*About this task*. Every line below must be reproduced exactly; no pictures are to be included.

*Dataset content*.

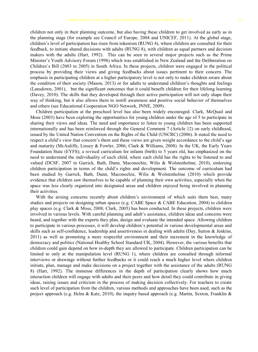学龄前儿童的参与也得到广泛鼓励。Clark, McQuail和Moss(2003)一直在探索5岁以下儿童参与分享观点和想法的机会。倾听儿童的需要和重要性得到了国际上的支持,并在《联合国儿童权利公约》发表的关于儿童早期问题的总评7(第12条)中得到了加强(儿童权利公约)(2006)。它指出了尊重孩子的观点的必要性,而这些观点是根据孩子的年龄和成熟程度来衡量的(McAuliffe, Linsey amp; Fowler, 2006;Clark amp; Williams, 2008)。在英国,建国初期(EYFS);一项针对婴儿(出生)至5岁的修订课程,强调需要了解每个孩子的个性,每个孩子都有被倾听和被重视的权利(DCSF, 2007年,在Garrick, Bath, Dunn, Maconochie, Wilis amp; Wolstenholme, 2010),赞同儿童在儿童权利和发展方面的参与。Garrick, Bath, Dunn, Maconochie, Wilis amp; Wolstenholme(2010)对课程结果进行了研究,结果证明孩子们认为自己有能力规划自己的活动,特别是当空间被不那么清晰地组织成指定区域时,孩子们喜欢参与计划他们的活动。
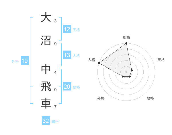 大沼 中飛車さんを姓名の画数から五運を鑑定
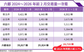 從市場面來看,六都2026年前2月建物買賣移轉棟數約2.87萬棟,年減約3.7%,相較前期動輒雙位數修正,量縮幅度已有明顯收斂。
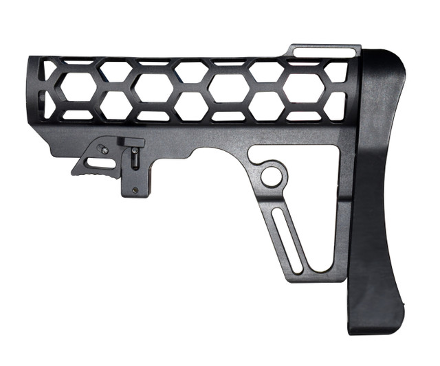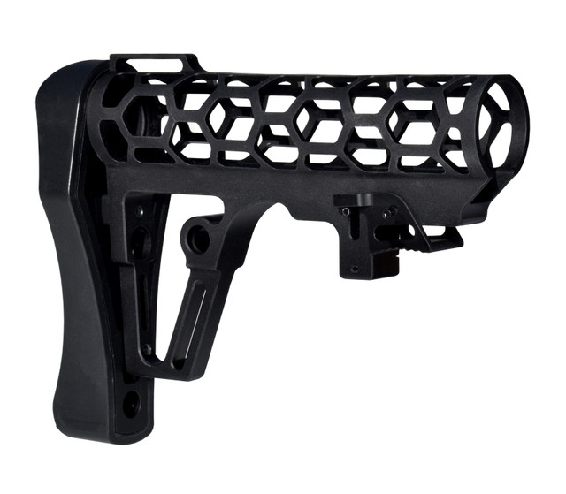– Skeletonized Mil-Spec aluminum buttstock w/ butt plate & recoil pad

*Exercise solution*.
学龄前儿童的参与也得到广泛鼓励。Clark, McQuail和Moss(2003)一直在探索5岁以下儿童参与分享观点和想法的机会。倾听儿童的需要和重要性得到了国际上的支持,并在《联合国儿童权利公约》发表的关于儿童早期问题的总评7(第12条)中得到了加强(儿童权利公约)(2006)。它指出了尊重孩子的观点的必要性,而这些观点是根据孩子的年龄和成熟程度来衡量的(McAuliffe, Linsey amp; Fowler, 2006;Clark amp; Williams, 2008)。在英国,建国初期(EYFS);一项针对婴儿(出生)至5岁的修订课程,强调需要了解每个孩子的个性,每个孩子都有被倾听和被重视的权利(DCSF, 2007年,在Garrick, Bath, Dunn, Maconochie, Wilis amp; Wolstenholme, 2010),赞同儿童在儿童权利和发展方面的参与。Garrick, Bath, Dunn, Maconochie, Wilis amp; Wolstenholme(2010)对课程结果进行了研究,结果证明孩子们认为自己有能力规划自己的活动,特别是当空间被不那么清晰地组织成指定区域时,孩子们喜欢参与计划他们的活动。
 大沼 中飛車さんを姓名の画数から五運を鑑定
 從市場面來看,六都2026年前2月建物買賣移轉棟數約2.87萬棟,年減約3.7%,相較前期動輒雙位數修正,量縮幅度已有明顯收斂。
– Skeletonized Mil-Spec aluminum buttstock w/ butt plate & recoil pad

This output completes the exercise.